# for separated parents w/kids



## dazed/confused (Jan 18, 2012)

I have been separated for a few weeks now and I talk to my daughter nearly every morning and night. We have the same conversation most of the time. How was school, how did you sleep etc. I want to talk to her as much as I can, not being there at night and in the morning is killing me. What I worry about is that the conversations seem to get quite repetetive and I don't want her to not want to call because it's the same old thing. Am I worried about something that isn't there? Maybe some examples from others would let me know what is "normal"? Idk if I'm boring her or not because I don't know what to talk about, with being out of the loop.


----------



## Lon (Jun 6, 2011)

How old is your Daughter? I think repitition can be good, if she is engaged in the conversation you aren't missing anything. My son is 5, we've been separated 11 months, until recently he just doesn't converse on the phone, however just two nights ago while he was with her he was really missing me and asked her to call me, it was the most engaged phone conversation we've had so far... and it wasn't uplifting or us telling each other anything new, just talking and developing our bond.


----------



## dazed/confused (Jan 18, 2012)

Lon said:


> How old is your Daughter? I think repitition can be good, if she is engaged in the conversation you aren't missing anything. My son is 5, we've been separated 11 months, until recently he just doesn't converse on the phone, however just two nights ago while he was with her he was really missing me and asked her to call me, it was the most engaged phone conversation we've had so far... and it wasn't uplifting or us telling each other anything new, just talking and developing our bond.
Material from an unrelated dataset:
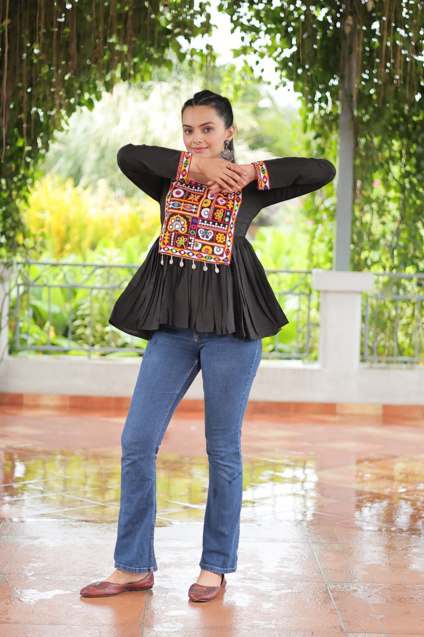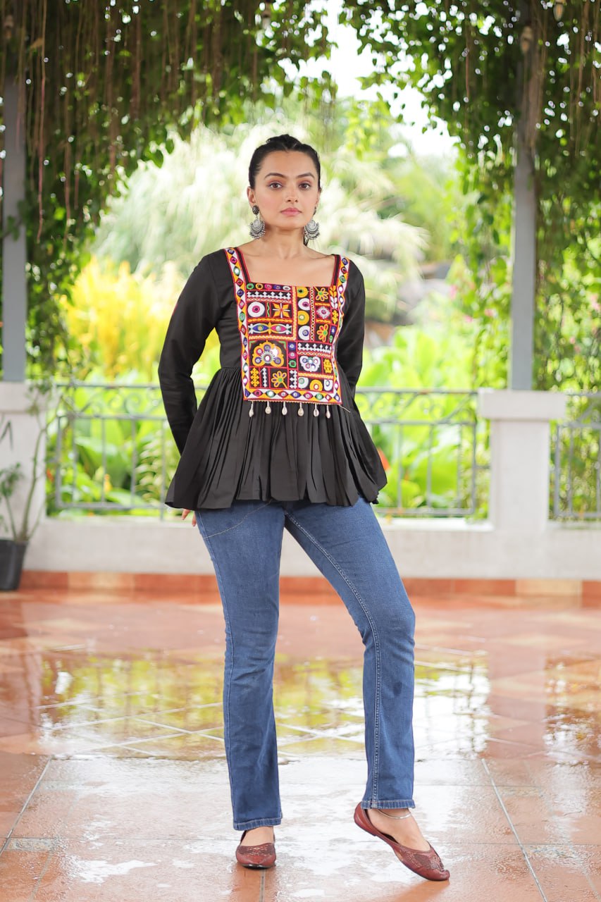 Black Color Roman Fabric Kutchi Gamthi Work Top

She is 9. I keep thinking the same thing about bonding, that she knows it's happening, can depend on it and gets it in her routine.


----------



## working_together (Oct 16, 2011)

I think it's pretty normal to have some repetitive conversation, it becomes a bit of a routine, it's healthy I think. Maybe you can get a little more in depth and talk about what she did that day at school based on what she usually talks about friends, favorite subjects, I sometimes ask my kids "what was the funniest thing that happened at school today?" It's an open ended question that allows them to answer it with more than a yes or no.

Hope this helps


----------



## cherokee96red (Apr 23, 2011)

I can only address this from the perspective that my DD is 18 now. For the moment, she is with her dad (she was 17 when he left)in NJ, I'm in FL. But we talk several times a week, text, and dog each other on FB. Yeah, there have been quite a few talks that were given to repetitiveness on some subjects. But the most recent one was really good, except that dad interrupted it to have her go pick up sandwiches for dinner (she just got her 1st car so she has been made the go-fer).

I find we have the best talks when she's away from Lie and Trampasaurus, think she feels freer to say what's on her mind.

I try to keep the talk focused on her, what she's doing, work, etc and stay away from known bad topics. She even called one night after work (left stranded at night with no ride by dad) and ended up having me calm her during her "freak out".

So I'd say just keep doing what you're doing, the routine of the calls is reassuring to her, she knows who will be there (esp on the phn) for her.


----------



## 5Creed (May 29, 2011)

I think you are doing just fine! Remember that she might not really care at the age she is; she just wants to hear your voice. This has been my experience with my own younger kids-one who is also nine. My STBX calls them almost every night, and even though the conversations are also a bit repetitive, I feel they just want the security of Dad's voice no matter what they talk about.


----------



## Jayb (Mar 6, 2012)

Find out what tv shows, books and music she likes. Then, study up on them. Ask her about them. In other words, go live in her world for a while. I can tell my children appreciate me knowing all of their shows and video games and am willing to talk about them and play with them.

Ask her about her classmates and friends. What is her favorite subject? Tell her stories about you when you were a child. My 4 year old frequently asks me to tell her a funny story. I know that means some crazy story from my childhood.

Give her a tip in the morning and then follow up on it in the evening..Tip - ask your teacher if you could help clean up the classroom. Then ask her if she did so. Then you can tie a lesson onto it. Like the importance of offering help to others without them asking.

Read her a short story or poem. 

My children aren't big with phone, so it is hard. Maybe if you could do skype or something.


----------



## cantmove (Feb 20, 2012)

My stbxwh calls my 12yr old son every night and every morning. The conversations are typically the same especially in morning but I know my son loves to hear his dads voice. Sometimes at bedtime if he hasn't gotten the call yet he calls his dad instead. He doesn't care what they talk about he justs wants to hear his voice before he goes to sleep. You are doing great, try not to worry.


----------



## dazed/confused (Jan 18, 2012)

thanks to everybody for the ideas and the support. It's good to know I'm not completely screwing up.
_Posted via Mobile Device_


----------